Start of Information supplied

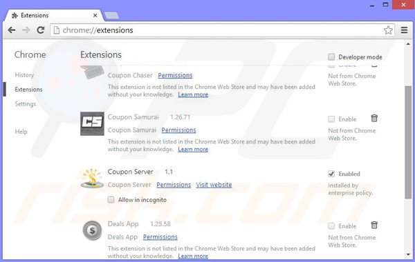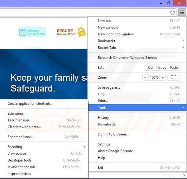 (at the top right corner of Google Chrome), select "Tools" and click on "Extensions". Locate: "Browsing Safeguard", select this entry and click the trash can icon. Note that Browsing Safeguard ads can be caused by other adware. In the "extensions" window of Google Chrome, remove all suspicious browser extensions.
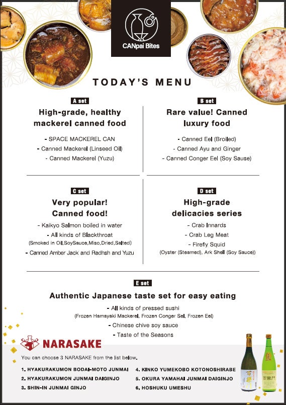 シンガポールで2023年10月11日~13日開催。5つの缶詰のセットから1つ×6つの奈良酒から3つ、好きな組み合わせを選んでペアリングが楽しめます。
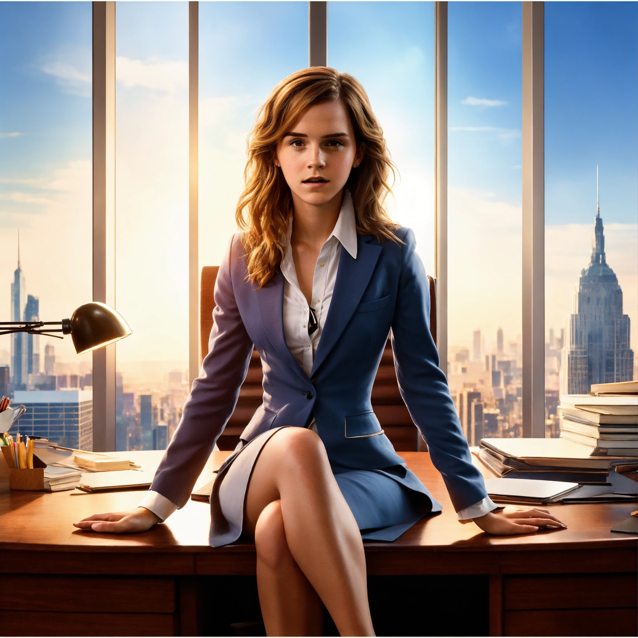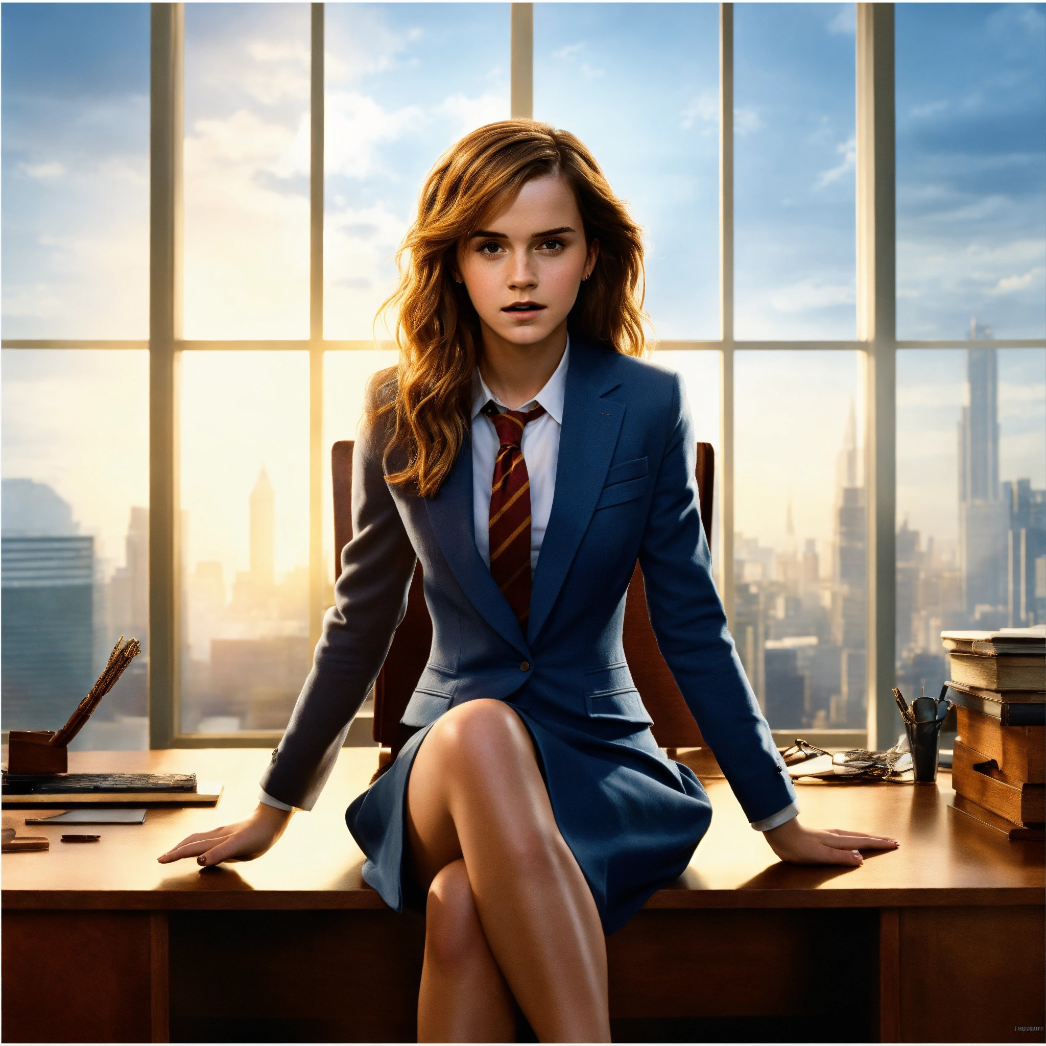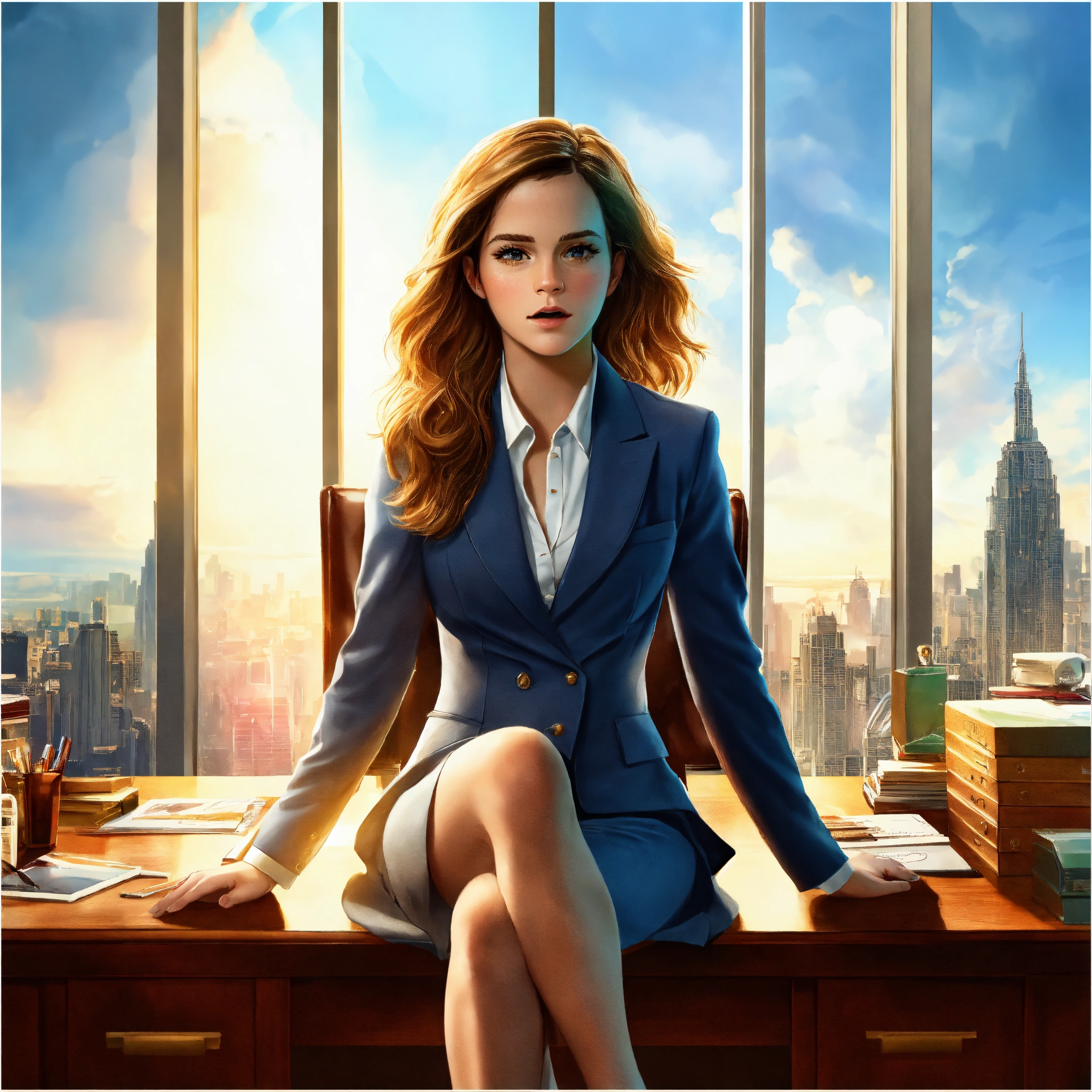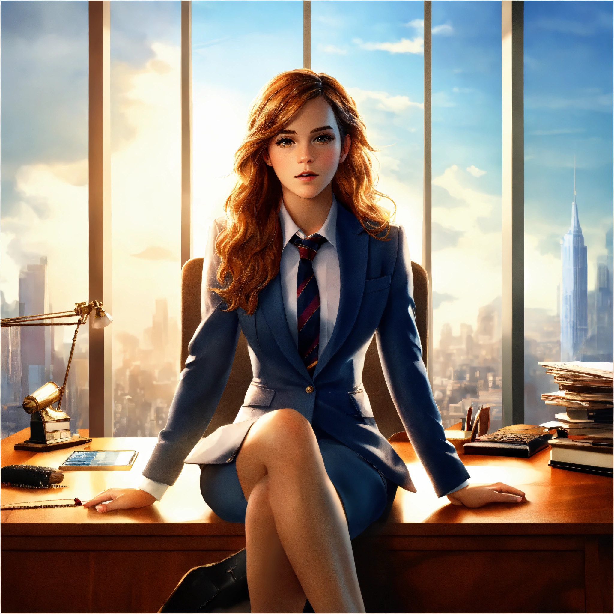 Masterpiece, highest quality, emma watson as hermione granger in a business dress sitting on a mahogany desk in the middle of a modern office. 8k resolution. digital art, high quality, realistic.
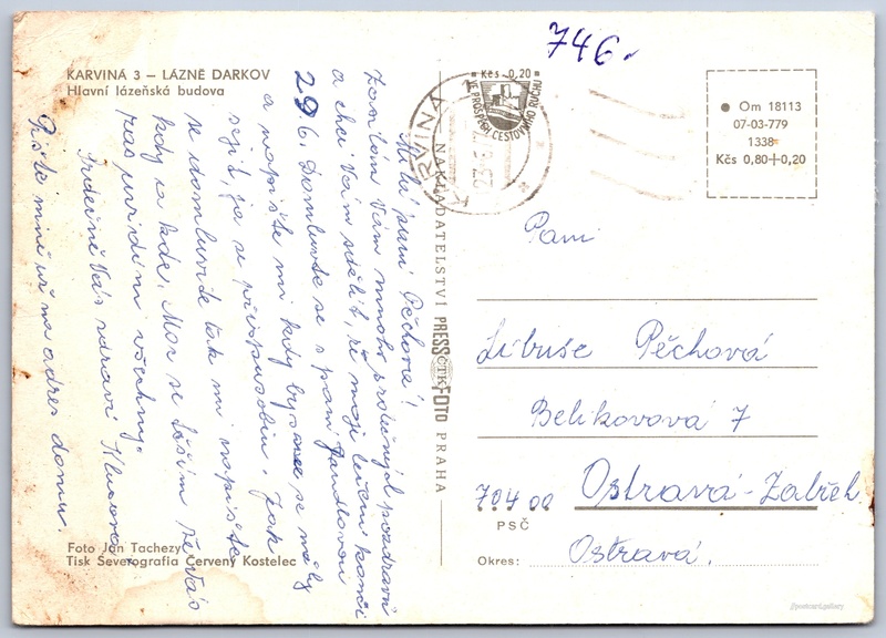 Karviná, Darkov, hlavní lázeňská budova Pokud chcete vidět pohlednice ve vyšším rozlišení nebo zobrazovat jejich zadní stranu, tak se prosím nejdříve přihlašte Přihlásit Zaregistrovat KARVINÁ - LÁZNĚ DARKOVHlavní lázeňská budova Jazyk tištěného textu na pohlednici: čeština Lázně Darkov, Karviná, Karviná ukázat na mapě V blízkém okolí místa zobrazeného na pohlednici lze najít 4 jiné pohlednice. Zobrazit blízké pohlednice Vydavatel: PressFoto Praha (Československo) Rok vydání pohlednice: 1977 Velikost (š x v) a tvar pohlednice: 148 x 105 mm (5.83" x 4.13"), obdélník Osoby spjaté s touto pohlednicí: Jan Tachezy(Autor fotografie) Prošlá poštou Ceny: Cena pohlednice: 0,80 Kčs (CSK) (+0,20 Kčs přípl. na tur. ruch) Kódy na pohlednici: •Om 18113 07-03-779 1338 DiskuseVložit příspěvek Přidat novou složku ... Spravovat složky ...
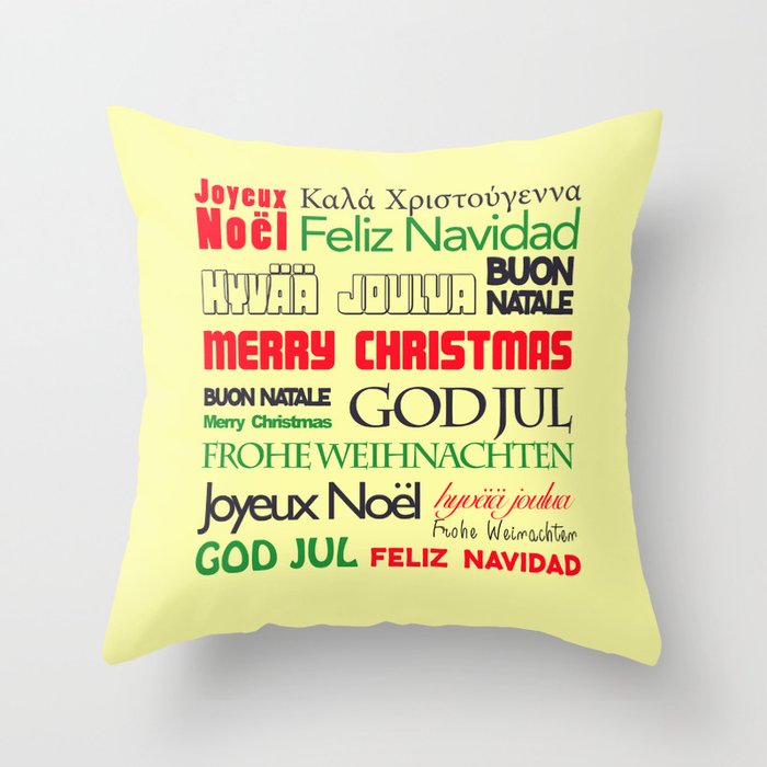 Merry Christmas In Different Languages I Throw Pillow By Carmenjc Society6
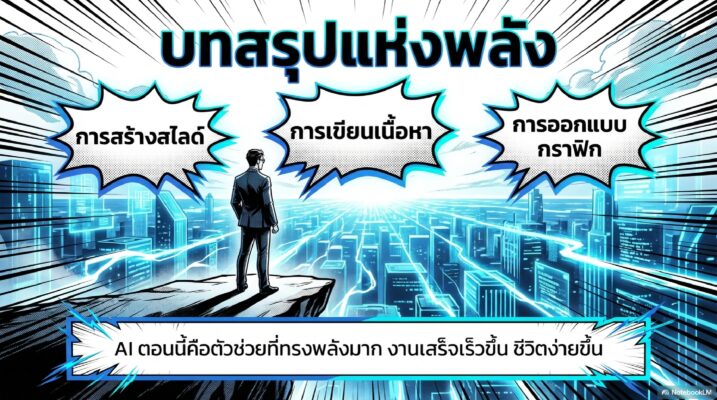 AI ตอนนี้คือตัวช่วยในการทำ Content ที่ทรงพลังมากๆ เลยครับ ไม่ว่าจะเป็นการสร้างสไลด์ การเขียนเนื้อหา หรือการออกแบบกราฟิก
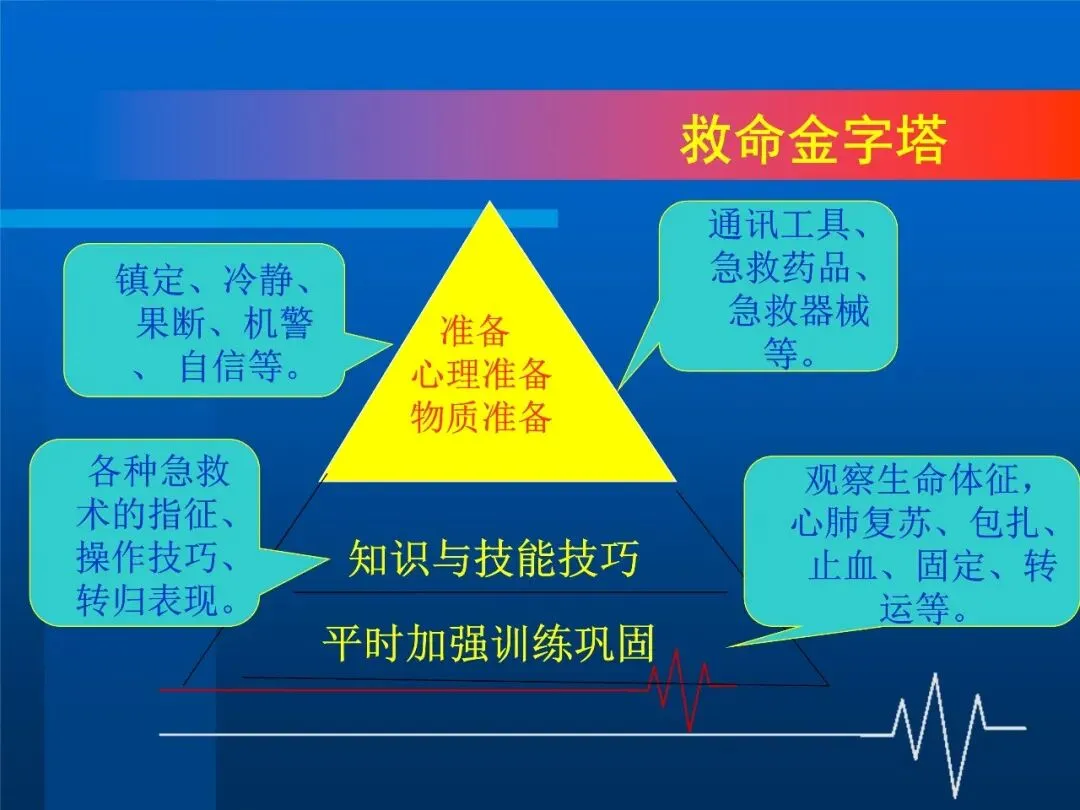 这份 PPT 由专业讲师打造,内容覆盖创伤急救全流程核心知识点,从创伤定义、救命金字塔的准备要点,到 ABCDE 优先处理原则的实操应用,逐一拆解创伤检查、止血包扎、固定搬运的标准操作,详解指压止血、加压包扎等多种止血方法的适用场景与注意事项,还有骨折、软组织损伤的现场处理技巧。
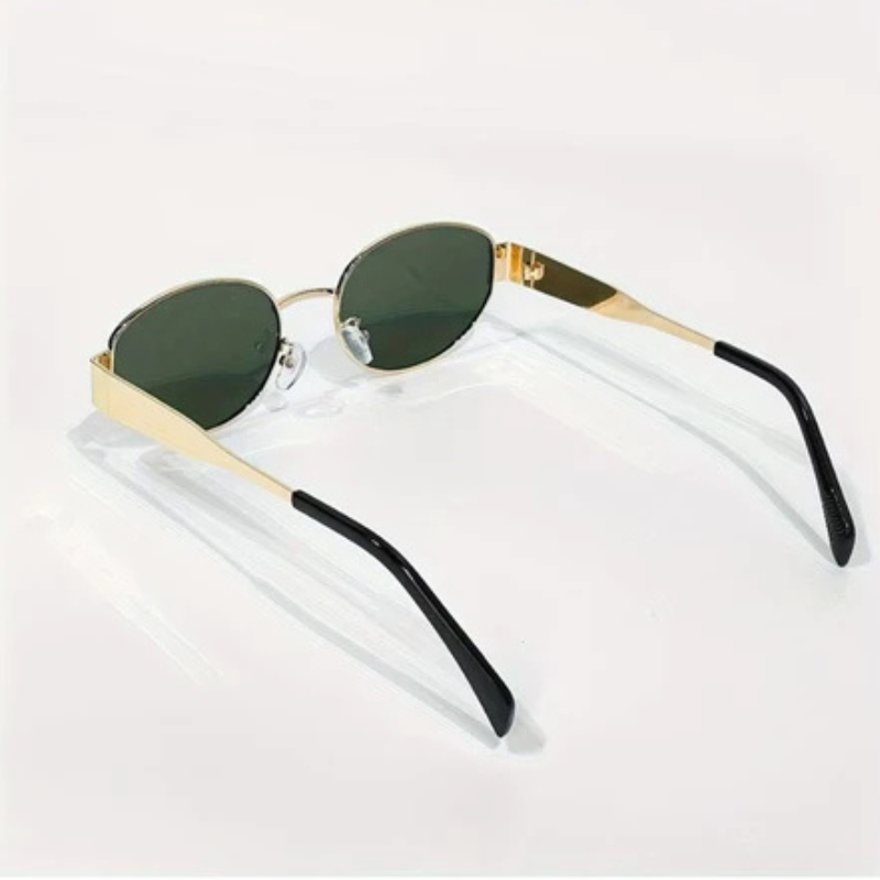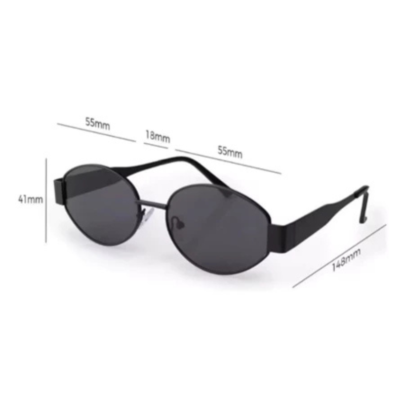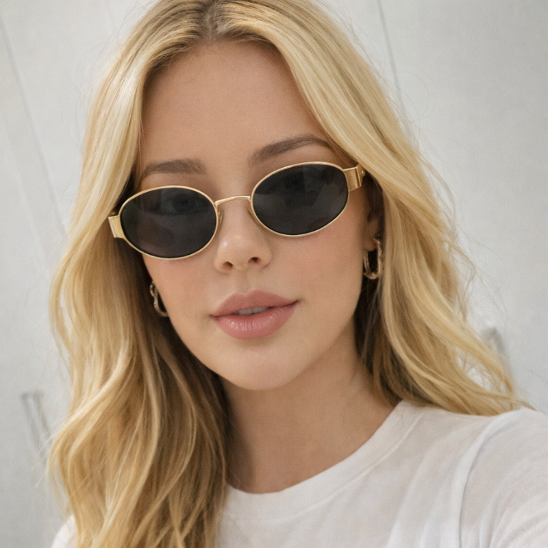 O formato oval com armação metálica resgata uma estética retrô que voltou ao centro das tendências de moda feminina. Esse modelo valoriza o rosto, adiciona personalidade ao visual e combina com produções casuais, praia e looks urbanos. Uma escolha estética que conversa diretamente com o estilo atual.

End of Information supplied

## Required work:
A complete and exact copy of the records is required. Exclude the pictures.

## Answer for this exercise:
 (at the top right corner of Google Chrome), select "Tools" and click on "Extensions". Locate: "Browsing Safeguard", select this entry and click the trash can icon. Note that Browsing Safeguard ads can be caused by other adware. In the "extensions" window of Google Chrome, remove all suspicious browser extensions.
 シンガポールで2023年10月11日~13日開催。5つの缶詰のセットから1つ×6つの奈良酒から3つ、好きな組み合わせを選んでペアリングが楽しめます。
 Masterpiece, highest quality, emma watson as hermione granger in a business dress sitting on a mahogany desk in the middle of a modern office. 8k resolution. digital art, high quality, realistic.
 Karviná, Darkov, hlavní lázeňská budova Pokud chcete vidět pohlednice ve vyšším rozlišení nebo zobrazovat jejich zadní stranu, tak se prosím nejdříve přihlašte Přihlásit Zaregistrovat KARVINÁ - LÁZNĚ DARKOVHlavní lázeňská budova Jazyk tištěného textu na pohlednici: čeština Lázně Darkov, Karviná, Karviná ukázat na mapě V blízkém okolí místa zobrazeného na pohlednici lze najít 4 jiné pohlednice. Zobrazit blízké pohlednice Vydavatel: PressFoto Praha (Československo) Rok vydání pohlednice: 1977 Velikost (š x v) a tvar pohlednice: 148 x 105 mm (5.83" x 4.13"), obdélník Osoby spjaté s touto pohlednicí: Jan Tachezy(Autor fotografie) Prošlá poštou Ceny: Cena pohlednice: 0,80 Kčs (CSK) (+0,20 Kčs přípl. na tur. ruch) Kódy na pohlednici: •Om 18113 07-03-779 1338 DiskuseVložit příspěvek Přidat novou složku ... Spravovat složky ...
 Merry Christmas In Different Languages I Throw Pillow By Carmenjc Society6
 AI ตอนนี้คือตัวช่วยในการทำ Content ที่ทรงพลังมากๆ เลยครับ ไม่ว่าจะเป็นการสร้างสไลด์ การเขียนเนื้อหา หรือการออกแบบกราฟิก
 这份 PPT 由专业讲师打造,内容覆盖创伤急救全流程核心知识点,从创伤定义、救命金字塔的准备要点,到 ABCDE 优先处理原则的实操应用,逐一拆解创伤检查、止血包扎、固定搬运的标准操作,详解指压止血、加压包扎等多种止血方法的适用场景与注意事项,还有骨折、软组织损伤的现场处理技巧。
 O formato oval com armação metálica resgata uma estética retrô que voltou ao centro das tendências de moda feminina. Esse modelo valoriza o rosto, adiciona personalidade ao visual e combina com produções casuais, praia e looks urbanos. Uma escolha estética que conversa diretamente com o estilo atual.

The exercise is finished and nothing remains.